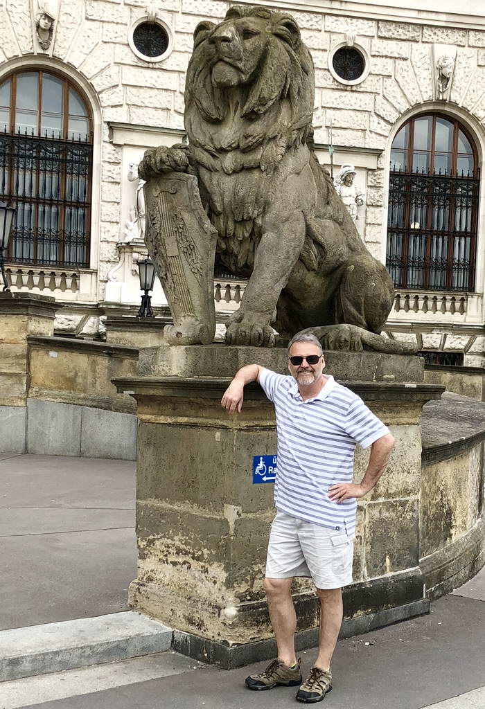 We made our way back to St. Stephan’s church and then began to explore streets we hadn’t seen the day before. Where we’d gone left on Friday, we turned right on Saturday. At one point we found ourselves in the gardens behind the Hofburg Palace; this is a beautiful and peaceful place to just walk or sit and relax. A short while later we stumbled upon another statue of a lion to get my picture taken with… bonus! We took our time exploring and looking at the public art and architecture of the city. Before we knew it, it was lunchtime!
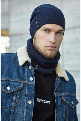 Супер мужской комплект "Реал": шапка и щарф-хомут - 5129-7 джинсовый
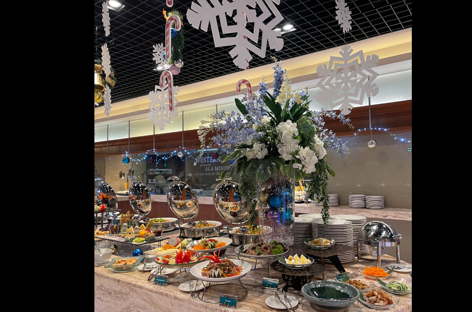 自助餐也有多种马来西亚风味,包括马来、中华、印度和西方风味。在日本站,日本美食家也会很高兴看到各种生鱼片、寿司和天妇罗的美味传播。顾客也确保一定要看看他们的冰镇海鲜,例如牡蛎、青口贝、虎虾、泥蟹、琵琶虾、带壳扇贝和阿拉斯加帝王蟹腿。除了主食,也有姜饼、圣诞树桩蛋糕、水果蛋糕、圣诞布丁等传统甜点。
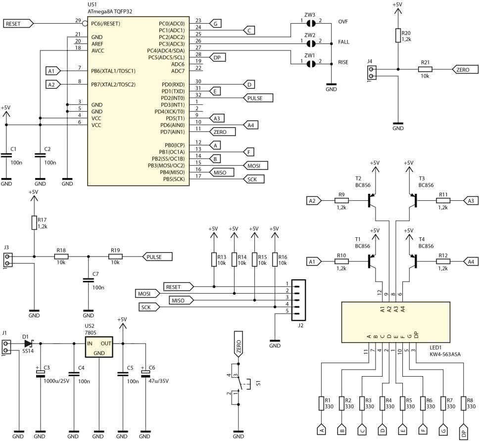 Schemat ideowy omawianego układu znajduje się na rysunku 1. Sercem urządzenia jest mikrokontroler typu ATmega8A z 8-bitowym rdzeniem AVR taktowanym sygnałem o częstotliwości 8 MHz, którego wzorcem jest wbudowany oscylator RC. Nie ma potrzeby stabilizacji częstotliwości sygnału zegarowego np. rezonatorem kwarcowym, ponieważ układ nie robi nic, co byłoby istotne z punktu widzenia dokładności w dziedzinie czasu. Użytkownik ma do dyspozycji trzy zworki SMD, które służą do wyboru sposobu zliczania impulsów i obsługi przepełnienia. Wbudowane w mikrokontroler rezystory podciągające zapewniają wysoki stan logiczny po rozwarciu tychże zworek.
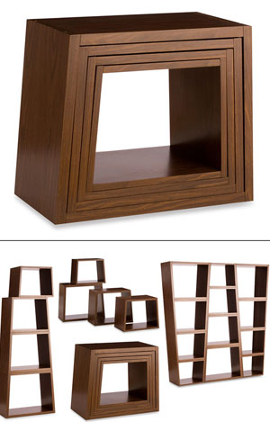 在6月初推出的書架,由大小不相等的等腰梯形自由組合而成。隨心所欲地擺成你想要的造型。不要時就把它們疊起來,也不占空間。
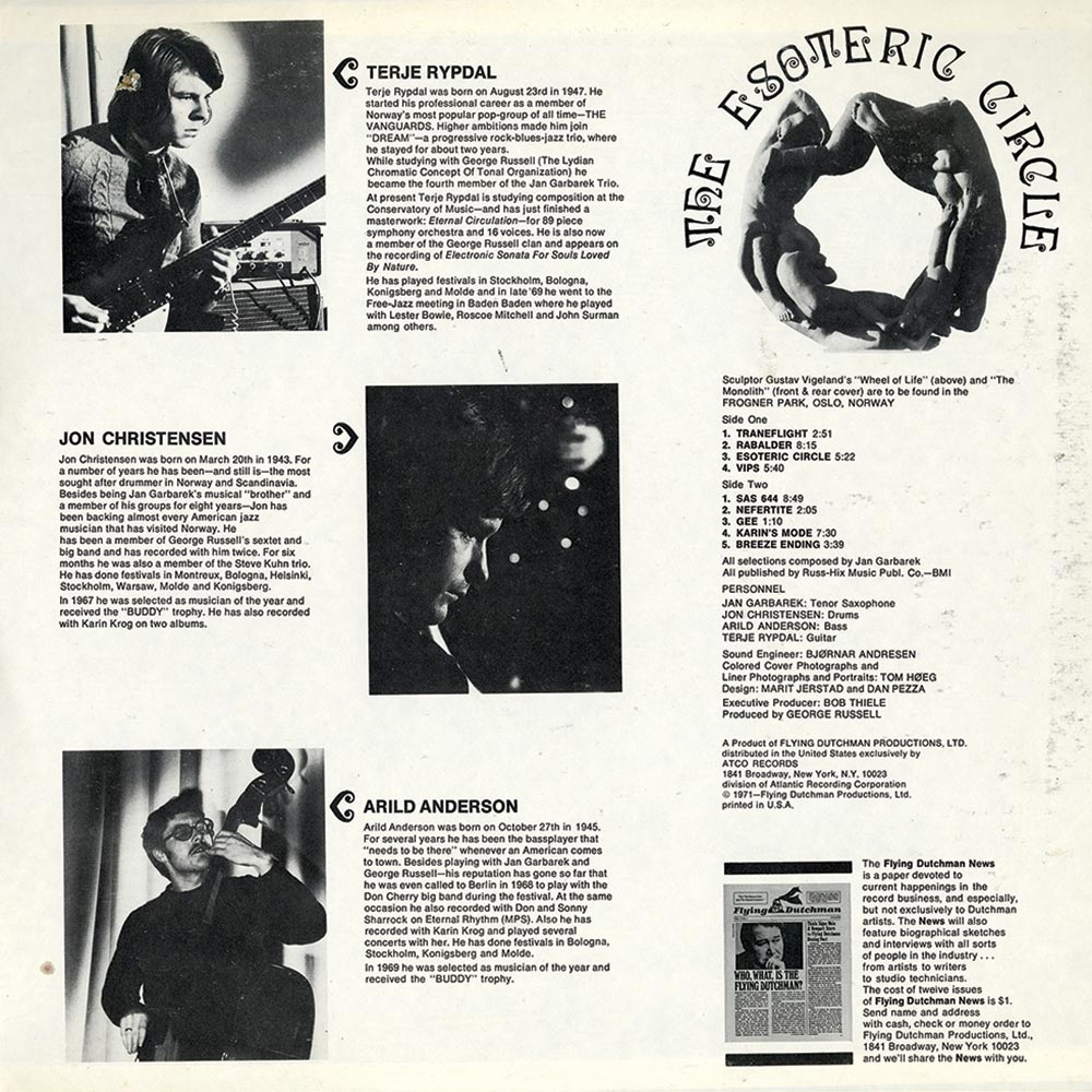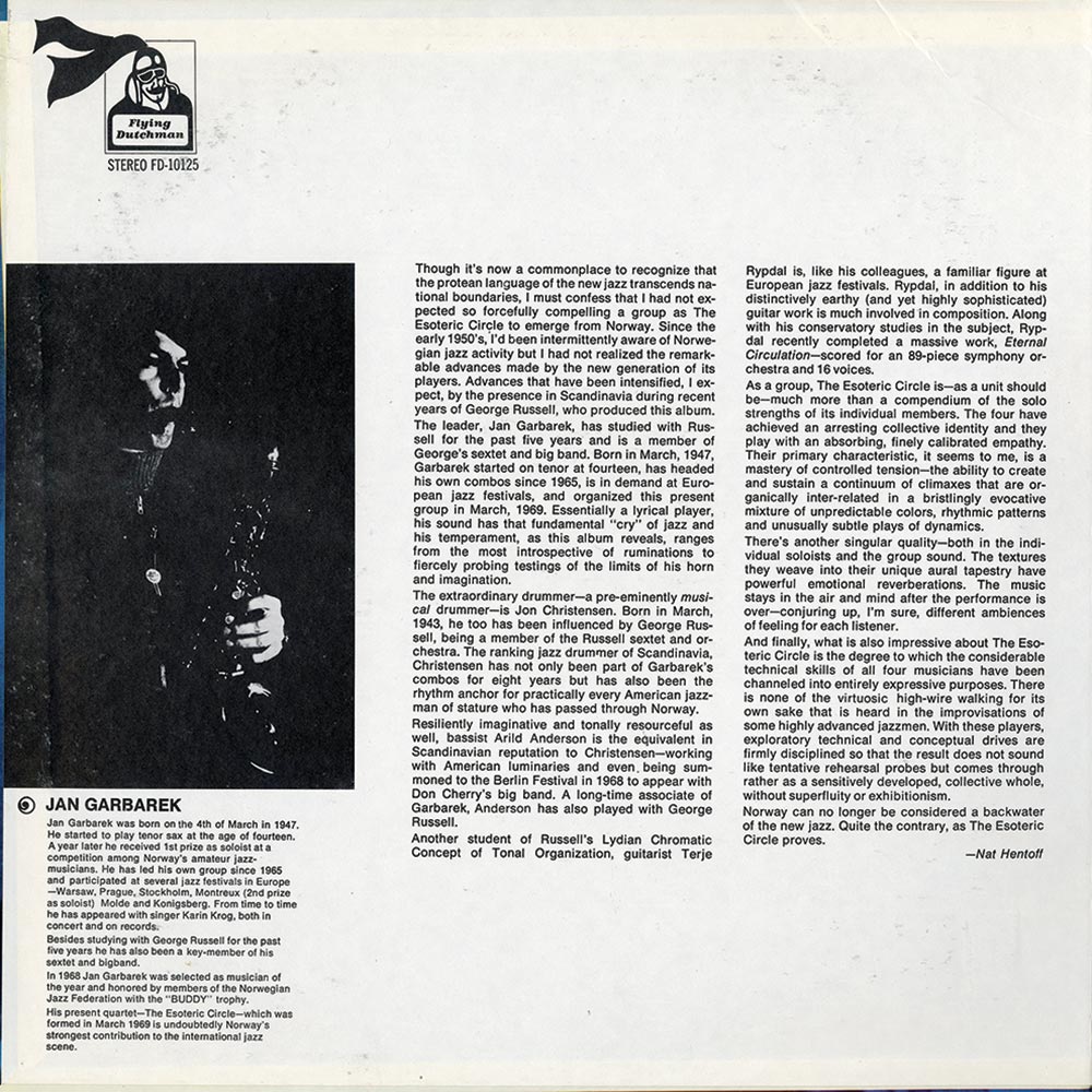 The Esoteric Circle was founded in 1969 by bassist Arild Andersen, drummer Jon Christensen, guitarist Terje Rypdal and tenor and soprano saxophonist Jan Garbarek. The quartet met in Oslo, which in 1969, had a vibrant jazz scene.
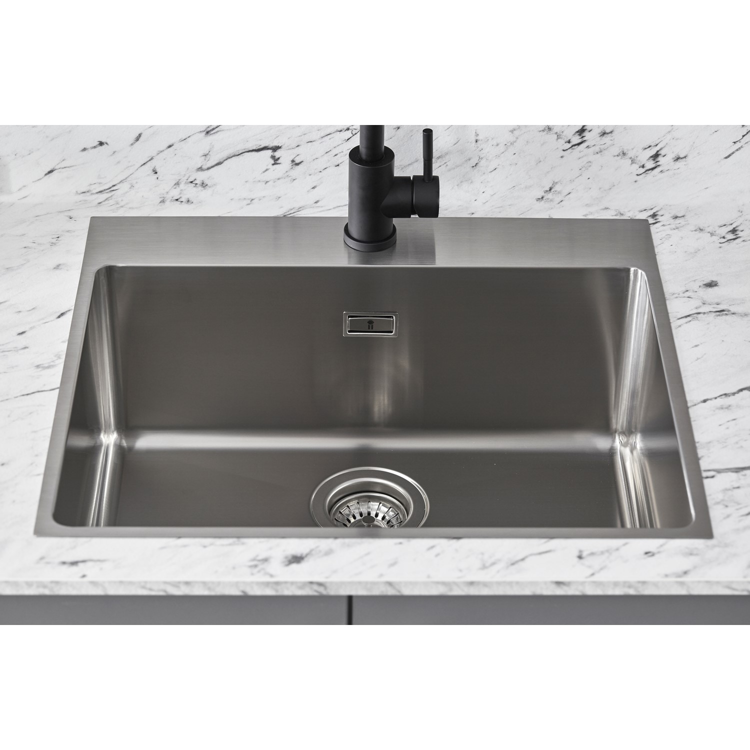 Bring practical style and everyday convenience to your kitchen with this modern stainless steel sink, thoughtfully designed to suit busy family homes and compact spaces alike. The generous deep bowl offers ample room for washing dishes, rinsing ingredients, and handling daily kitchen tasks with ease. A built-in tap deck helps catch drips and prevent water from spilling onto your worktop, helping you maintain a cleaner, more organised kitchen environment. Crafted from high-quality stainless steel with a sleek chrome finish, it delivers a premium, contemporary look that complements modern interiors beautifully. Perfect for smaller kitchens, its compact design maximises functionality without overwhelming your space. The sink also includes a chrome basket strainer waste for added convenience and a coordinated finishing touch. With a rust-resistant build, it maintains its shine and durability over time, ensuring long-lasting performance. Thanks to its simple inset installation, fitting this sink is quick and hassle-free—making it an excellent choice for any modern kitchen.
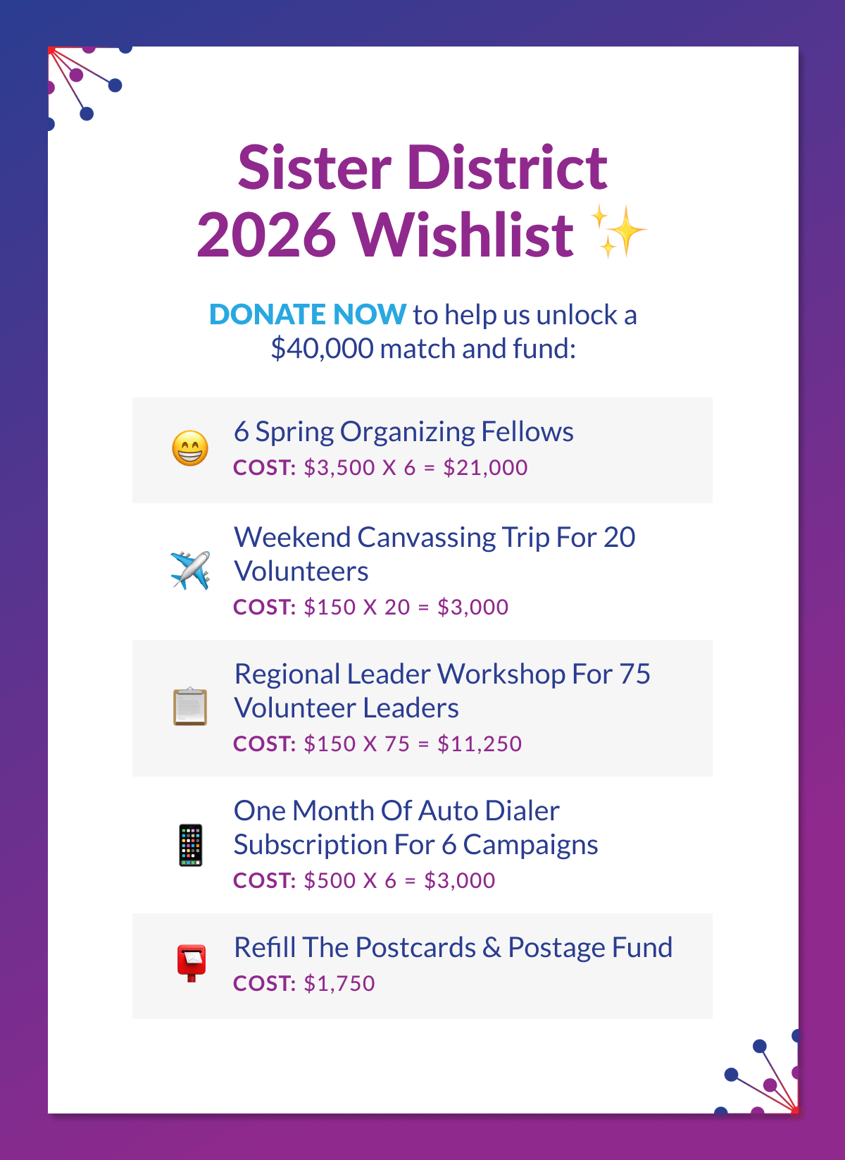 On behalf of the entire Sister District team, thank you for choosing to put your resources toward building enduring progressive state power.
-.-.-
PROBLEM DETAILS:
All pictures are to be dropped, and the records above returned exactly.

EXERCISE RESULT:
 We made our way back to St. Stephan’s church and then began to explore streets we hadn’t seen the day before. Where we’d gone left on Friday, we turned right on Saturday. At one point we found ourselves in the gardens behind the Hofburg Palace; this is a beautiful and peaceful place to just walk or sit and relax. A short while later we stumbled upon another statue of a lion to get my picture taken with… bonus! We took our time exploring and looking at the public art and architecture of the city. Before we knew it, it was lunchtime!
 Супер мужской комплект "Реал": шапка и щарф-хомут - 5129-7 джинсовый
 自助餐也有多种马来西亚风味,包括马来、中华、印度和西方风味。在日本站,日本美食家也会很高兴看到各种生鱼片、寿司和天妇罗的美味传播。顾客也确保一定要看看他们的冰镇海鲜,例如牡蛎、青口贝、虎虾、泥蟹、琵琶虾、带壳扇贝和阿拉斯加帝王蟹腿。除了主食,也有姜饼、圣诞树桩蛋糕、水果蛋糕、圣诞布丁等传统甜点。
 Schemat ideowy omawianego układu znajduje się na rysunku 1. Sercem urządzenia jest mikrokontroler typu ATmega8A z 8-bitowym rdzeniem AVR taktowanym sygnałem o częstotliwości 8 MHz, którego wzorcem jest wbudowany oscylator RC. Nie ma potrzeby stabilizacji częstotliwości sygnału zegarowego np. rezonatorem kwarcowym, ponieważ układ nie robi nic, co byłoby istotne z punktu widzenia dokładności w dziedzinie czasu. Użytkownik ma do dyspozycji trzy zworki SMD, które służą do wyboru sposobu zliczania impulsów i obsługi przepełnienia. Wbudowane w mikrokontroler rezystory podciągające zapewniają wysoki stan logiczny po rozwarciu tychże zworek.
 在6月初推出的書架,由大小不相等的等腰梯形自由組合而成。隨心所欲地擺成你想要的造型。不要時就把它們疊起來,也不占空間。
 The Esoteric Circle was founded in 1969 by bassist Arild Andersen, drummer Jon Christensen, guitarist Terje Rypdal and tenor and soprano saxophonist Jan Garbarek. The quartet met in Oslo, which in 1969, had a vibrant jazz scene.
 Bring practical style and everyday convenience to your kitchen with this modern stainless steel sink, thoughtfully designed to suit busy family homes and compact spaces alike. The generous deep bowl offers ample room for washing dishes, rinsing ingredients, and handling daily kitchen tasks with ease. A built-in tap deck helps catch drips and prevent water from spilling onto your worktop, helping you maintain a cleaner, more organised kitchen environment. Crafted from high-quality stainless steel with a sleek chrome finish, it delivers a premium, contemporary look that complements modern interiors beautifully. Perfect for smaller kitchens, its compact design maximises functionality without overwhelming your space. The sink also includes a chrome basket strainer waste for added convenience and a coordinated finishing touch. With a rust-resistant build, it maintains its shine and durability over time, ensuring long-lasting performance. Thanks to its simple inset installation, fitting this sink is quick and hassle-free—making it an excellent choice for any modern kitchen.
 On behalf of the entire Sister District team, thank you for choosing to put your resources toward building enduring progressive state power.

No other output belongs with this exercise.